> [Recorded data]
※
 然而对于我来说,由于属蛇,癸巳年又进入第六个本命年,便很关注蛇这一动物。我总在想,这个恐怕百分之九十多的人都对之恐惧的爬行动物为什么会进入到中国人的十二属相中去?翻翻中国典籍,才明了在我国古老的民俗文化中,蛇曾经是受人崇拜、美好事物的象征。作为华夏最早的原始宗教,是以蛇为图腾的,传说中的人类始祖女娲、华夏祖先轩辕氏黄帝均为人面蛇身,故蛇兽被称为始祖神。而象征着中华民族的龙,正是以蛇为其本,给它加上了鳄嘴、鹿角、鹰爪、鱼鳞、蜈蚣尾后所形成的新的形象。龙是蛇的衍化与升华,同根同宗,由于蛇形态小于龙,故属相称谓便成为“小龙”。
※
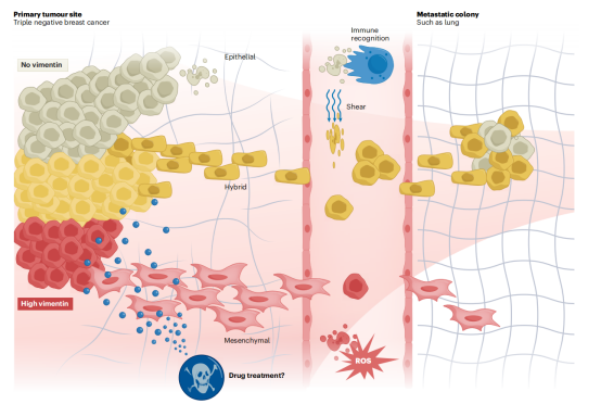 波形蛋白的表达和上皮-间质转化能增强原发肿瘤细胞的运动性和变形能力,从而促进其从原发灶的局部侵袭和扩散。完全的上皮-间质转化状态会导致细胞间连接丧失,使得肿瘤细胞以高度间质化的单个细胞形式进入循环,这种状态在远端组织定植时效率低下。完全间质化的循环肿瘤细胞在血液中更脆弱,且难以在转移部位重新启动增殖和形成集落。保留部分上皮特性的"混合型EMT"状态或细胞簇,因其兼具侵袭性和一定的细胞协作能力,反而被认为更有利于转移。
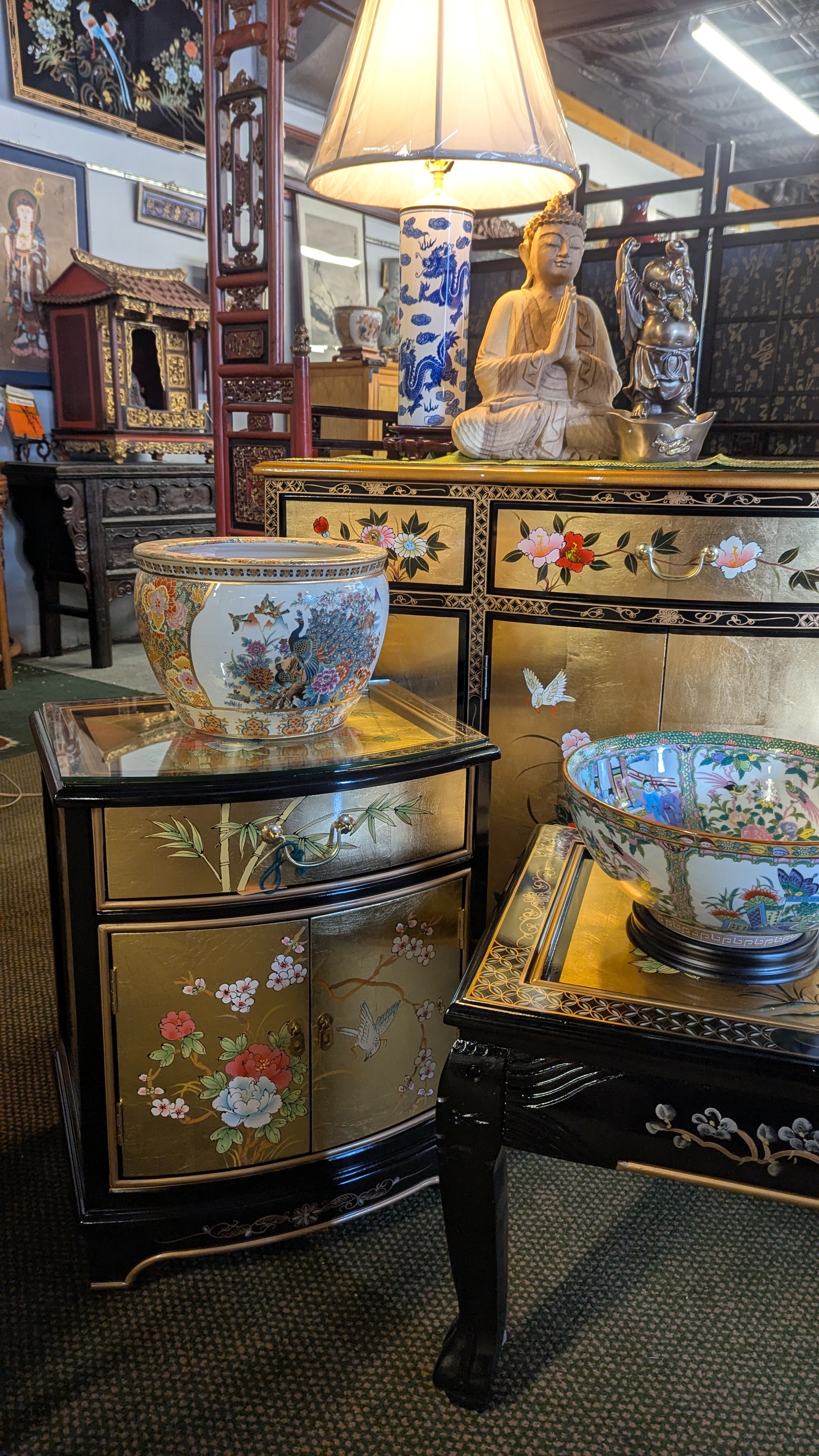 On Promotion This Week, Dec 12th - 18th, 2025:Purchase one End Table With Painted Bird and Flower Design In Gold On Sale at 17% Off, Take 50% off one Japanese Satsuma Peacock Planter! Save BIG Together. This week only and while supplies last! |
※
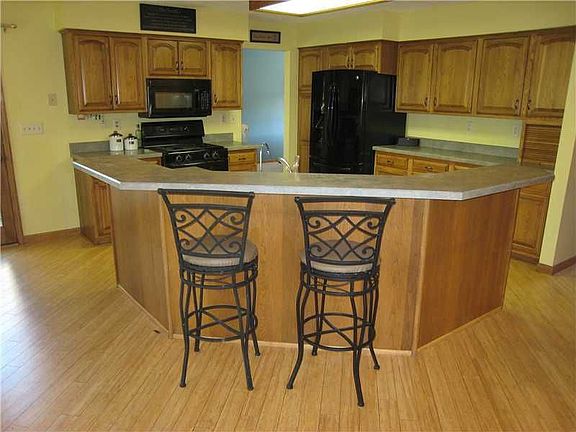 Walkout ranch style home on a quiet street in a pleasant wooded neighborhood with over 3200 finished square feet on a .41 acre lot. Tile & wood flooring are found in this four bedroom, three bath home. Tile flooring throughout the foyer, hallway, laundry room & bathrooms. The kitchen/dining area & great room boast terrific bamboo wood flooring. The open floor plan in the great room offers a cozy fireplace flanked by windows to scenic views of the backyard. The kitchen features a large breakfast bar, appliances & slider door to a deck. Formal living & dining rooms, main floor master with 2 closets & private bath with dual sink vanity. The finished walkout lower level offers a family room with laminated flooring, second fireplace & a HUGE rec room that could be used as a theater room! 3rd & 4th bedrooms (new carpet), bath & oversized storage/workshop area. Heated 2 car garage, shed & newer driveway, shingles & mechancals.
※
> [The task] Produce an exact reproduction of the listing above, limited to the lines starting at the line with "波形蛋白的表达和上皮-间质转" and ending at the line with "On Promotion This", both kept, with every picture left out.

> [Answer]
 波形蛋白的表达和上皮-间质转化能增强原发肿瘤细胞的运动性和变形能力,从而促进其从原发灶的局部侵袭和扩散。完全的上皮-间质转化状态会导致细胞间连接丧失,使得肿瘤细胞以高度间质化的单个细胞形式进入循环,这种状态在远端组织定植时效率低下。完全间质化的循环肿瘤细胞在血液中更脆弱,且难以在转移部位重新启动增殖和形成集落。保留部分上皮特性的"混合型EMT"状态或细胞簇,因其兼具侵袭性和一定的细胞协作能力,反而被认为更有利于转移。
 On Promotion This Week, Dec 12th - 18th, 2025:Purchase one End Table With Painted Bird and Flower Design In Gold On Sale at 17% Off, Take 50% off one Japanese Satsuma Peacock Planter! Save BIG Together. This week only and while supplies last! |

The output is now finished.